═════ SUPPLIED DATA ═════

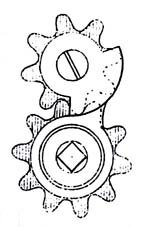 42. With frictional stopwork, which is not seen very often in watches, a wheel with 3 or 4 teeth is usual, while the remainder of the wheel is left uncut. This wheel is screwed onto the plate by a shoulder screw and the end of the barrel arbor carries a finger or tooth, which meshes with the wheel teeth; and with each revolution of the barrel arbor it rotates one tooth. At the start and end of winding the finger presses against the full part of the wheel and prevents further movement of the barrel arbor in that direction. It is apparent that the wheel is not held during the whole time between two rotations of the finger, and an outside vibration could make it turn around on its axle if its freedom to move were not controlled by a spring washer producing sufficient friction. Sometimes the stop wheel is turned off to a thin rim and slit opposite the teeth, so that it can be sprung onto a slightly under-turned stud on the barrel cover, where it will hold itself without a screw or a spring.
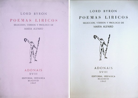 Madrid, Editorial Hispánica, 1945 ["Adonais"]. 8vo.; 72 pp., 3 hs. Edición limitada de 425 ejemplares. Cubiertas originales.
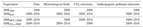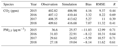 Anthropogenic pollutant emissions data were obtained from the Multi-resolution Emission Inventory for China (MEIC v1.4) developed by Tsinghua University (Geng et al., 2024). Surface CO2 flux data were sourced from the National Oceanic and Atmospheric Administration (NOAA) CarbonTracker CT2019 dataset, which includes contributions from fossil fuel combustion, biomass burning, and ocean–atmosphere CO2 exchange (Peters et al., 2007). Meteorological fields were derived from ERA-Interim reanalysis (Balsamo et al., 2015), while sea surface temperature data were taken from NOAA's weekly mean dataset (Huang et al., 2021). The model employed the Grell cumulus parameterization scheme, the CCM3 radiation scheme, the Holtslag PBL scheme for boundary layers, the CBM-Z mechanism for meteorology and chemistry, and the TUV photochemistry scheme.
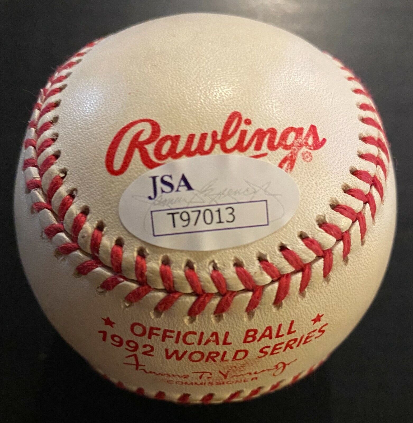 - Signed on an official 1992 World Series baseball
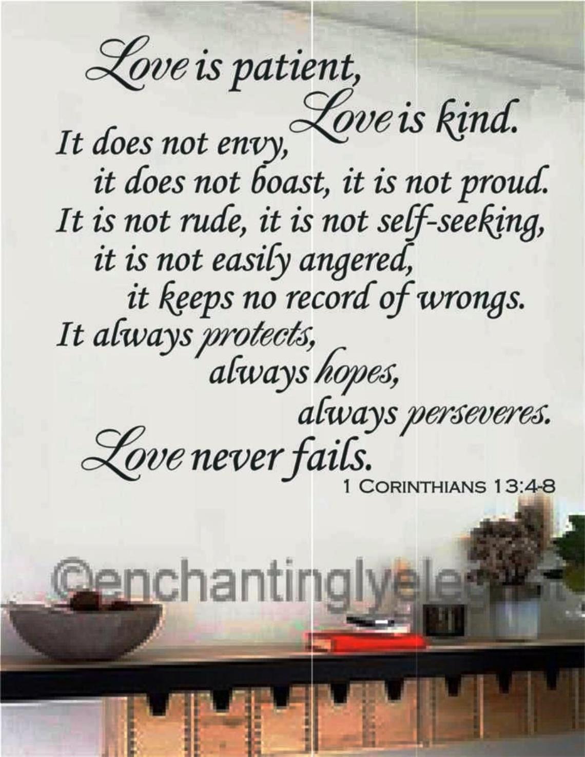 Description: A wall with a bible verse on it and a bowl of fruit on the table in front of it.
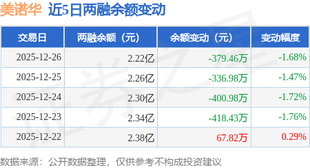 证券之星消息,12月26日,美诺华(603538)融资买入499.52万元,融资偿还878.98万元,融资净卖出379.46万元,融资余额2.22亿元。
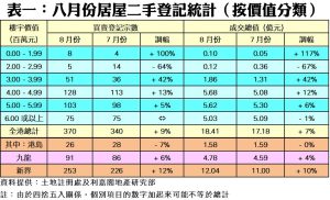 如按屋苑細分(見表二),八月份東涌裕東苑錄7宗買賣,按月大增6倍,而成交總值亦同步飆升近5.6倍至2,814.5萬元。至於屯門兆康苑及沙田愉翠苑,則均各以11宗買賣成為十大熱門居屋榜中交投量最活躍的屋苑。
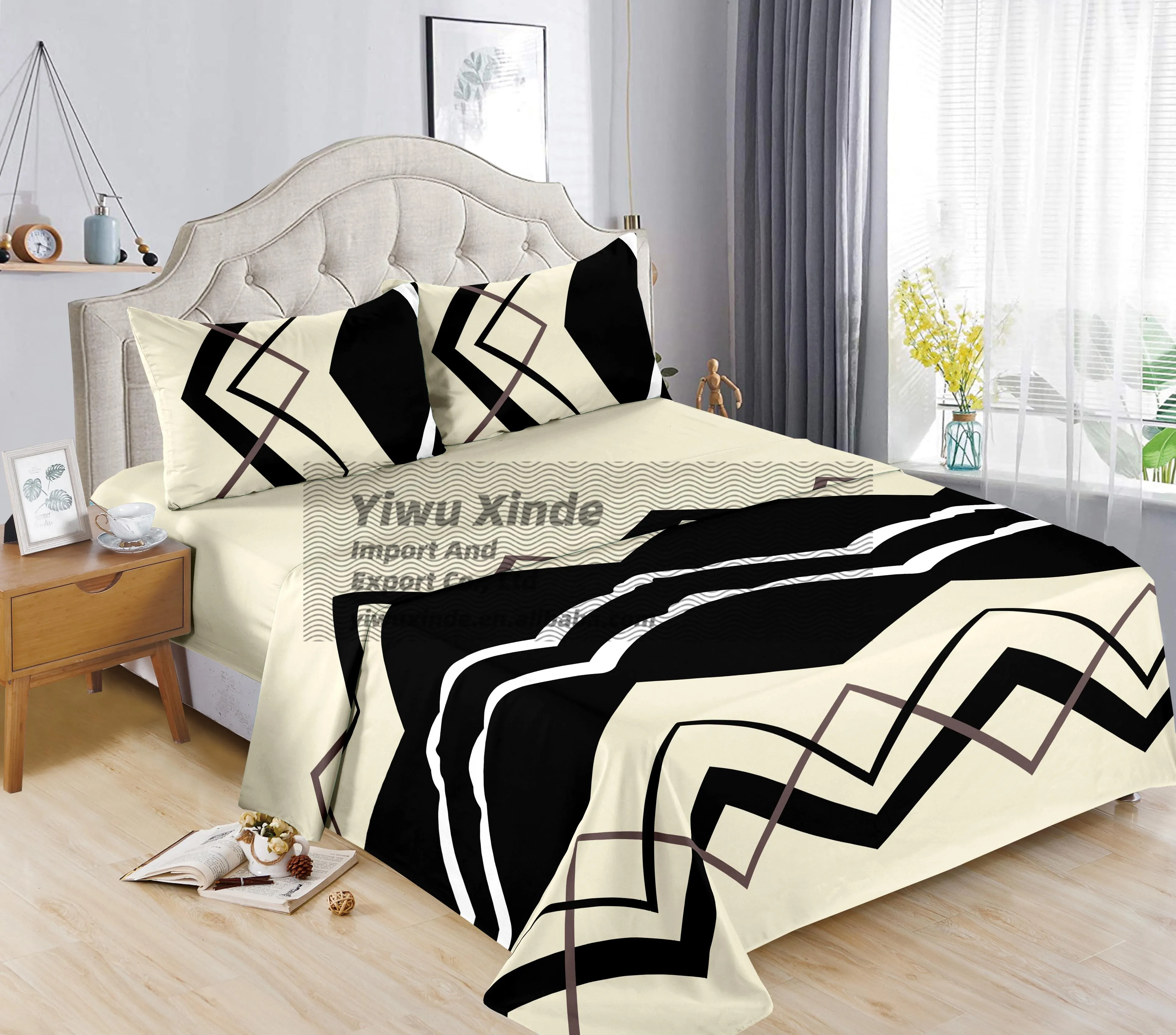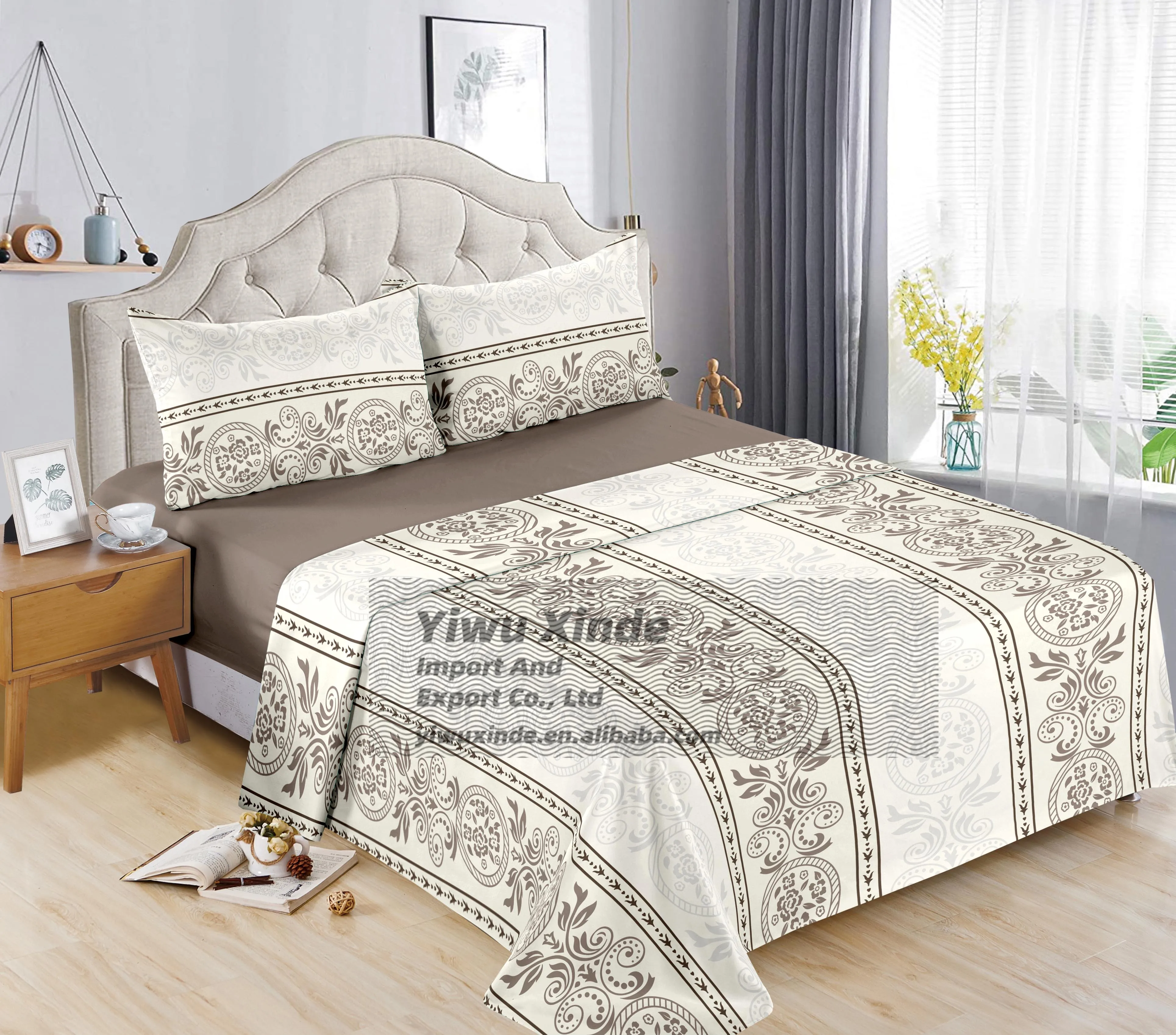 Botanical Print Queen Size Bedding Set 4 Pcs Complete With Flat Sheet Fitted Sheet and Drap for Australian Master Bedroom Decor
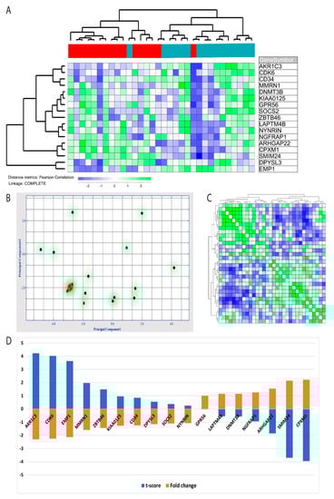 NF-κB has previously been linked to LSCs in AML models [11], and we, therefore, investigated the alterations in a previously identified LSC GEP [14]. These authors identified a 17 gene LSC score based on identified LSC cell fractions, and this score could also be used for prognostication of AML patients [14]. We identified these 17 genes in our microarray data set. AKR1C3 was the only of these 17 genes that was included among the 277 genes that were downregulated after NF-κB inhibition (Table S1). However, we found that the expression profile based only on these 17 genes was consistently altered by NF-κB inhibition, 10 of these genes were then downregulated, and seven genes were upregulated. By performing a hierarchical clustering based on these 17 genes, we found the profile to be highly discriminative between patient cells from control cultures and patient cells exposed to the BMS-345541 inhibitor; there was only one outlier in each group (Figure 5A). These observations were further supported by a principal component analysis based on the LSC gene expression profile, indicating that principal components 1 and 2 were able to identify 32.1% and 15.8% of the variance, respectively (Figure 5B). Furthermore, a hierarchical clustering analysis with distance matrix also illustrated how the 17 gene LSC profiles could discriminate between cells cultured with and without BMS-345541 (Figure 5C). Finally, by performing an ANOVA based on the 17 identified LSC genes, we could identify the t-score and fold change for each individual LSC profile gene, and these results are present in Figure 5D.

═════

◆ TRY IT ◆
The response must repeat all the lines above exactly and include no pictures.

◆ REPLY ◆
 42. With frictional stopwork, which is not seen very often in watches, a wheel with 3 or 4 teeth is usual, while the remainder of the wheel is left uncut. This wheel is screwed onto the plate by a shoulder screw and the end of the barrel arbor carries a finger or tooth, which meshes with the wheel teeth; and with each revolution of the barrel arbor it rotates one tooth. At the start and end of winding the finger presses against the full part of the wheel and prevents further movement of the barrel arbor in that direction. It is apparent that the wheel is not held during the whole time between two rotations of the finger, and an outside vibration could make it turn around on its axle if its freedom to move were not controlled by a spring washer producing sufficient friction. Sometimes the stop wheel is turned off to a thin rim and slit opposite the teeth, so that it can be sprung onto a slightly under-turned stud on the barrel cover, where it will hold itself without a screw or a spring.
 Madrid, Editorial Hispánica, 1945 ["Adonais"]. 8vo.; 72 pp., 3 hs. Edición limitada de 425 ejemplares. Cubiertas originales.
 Anthropogenic pollutant emissions data were obtained from the Multi-resolution Emission Inventory for China (MEIC v1.4) developed by Tsinghua University (Geng et al., 2024). Surface CO2 flux data were sourced from the National Oceanic and Atmospheric Administration (NOAA) CarbonTracker CT2019 dataset, which includes contributions from fossil fuel combustion, biomass burning, and ocean–atmosphere CO2 exchange (Peters et al., 2007). Meteorological fields were derived from ERA-Interim reanalysis (Balsamo et al., 2015), while sea surface temperature data were taken from NOAA's weekly mean dataset (Huang et al., 2021). The model employed the Grell cumulus parameterization scheme, the CCM3 radiation scheme, the Holtslag PBL scheme for boundary layers, the CBM-Z mechanism for meteorology and chemistry, and the TUV photochemistry scheme.
 - Signed on an official 1992 World Series baseball
 Description: A wall with a bible verse on it and a bowl of fruit on the table in front of it.
 证券之星消息,12月26日,美诺华(603538)融资买入499.52万元,融资偿还878.98万元,融资净卖出379.46万元,融资余额2.22亿元。
 如按屋苑細分(見表二),八月份東涌裕東苑錄7宗買賣,按月大增6倍,而成交總值亦同步飆升近5.6倍至2,814.5萬元。至於屯門兆康苑及沙田愉翠苑,則均各以11宗買賣成為十大熱門居屋榜中交投量最活躍的屋苑。
 Botanical Print Queen Size Bedding Set 4 Pcs Complete With Flat Sheet Fitted Sheet and Drap for Australian Master Bedroom Decor
 NF-κB has previously been linked to LSCs in AML models [11], and we, therefore, investigated the alterations in a previously identified LSC GEP [14]. These authors identified a 17 gene LSC score based on identified LSC cell fractions, and this score could also be used for prognostication of AML patients [14]. We identified these 17 genes in our microarray data set. AKR1C3 was the only of these 17 genes that was included among the 277 genes that were downregulated after NF-κB inhibition (Table S1). However, we found that the expression profile based only on these 17 genes was consistently altered by NF-κB inhibition, 10 of these genes were then downregulated, and seven genes were upregulated. By performing a hierarchical clustering based on these 17 genes, we found the profile to be highly discriminative between patient cells from control cultures and patient cells exposed to the BMS-345541 inhibitor; there was only one outlier in each group (Figure 5A). These observations were further supported by a principal component analysis based on the LSC gene expression profile, indicating that principal components 1 and 2 were able to identify 32.1% and 15.8% of the variance, respectively (Figure 5B). Furthermore, a hierarchical clustering analysis with distance matrix also illustrated how the 17 gene LSC profiles could discriminate between cells cultured with and without BMS-345541 (Figure 5C). Finally, by performing an ANOVA based on the 17 identified LSC genes, we could identify the t-score and fold change for each individual LSC profile gene, and these results are present in Figure 5D.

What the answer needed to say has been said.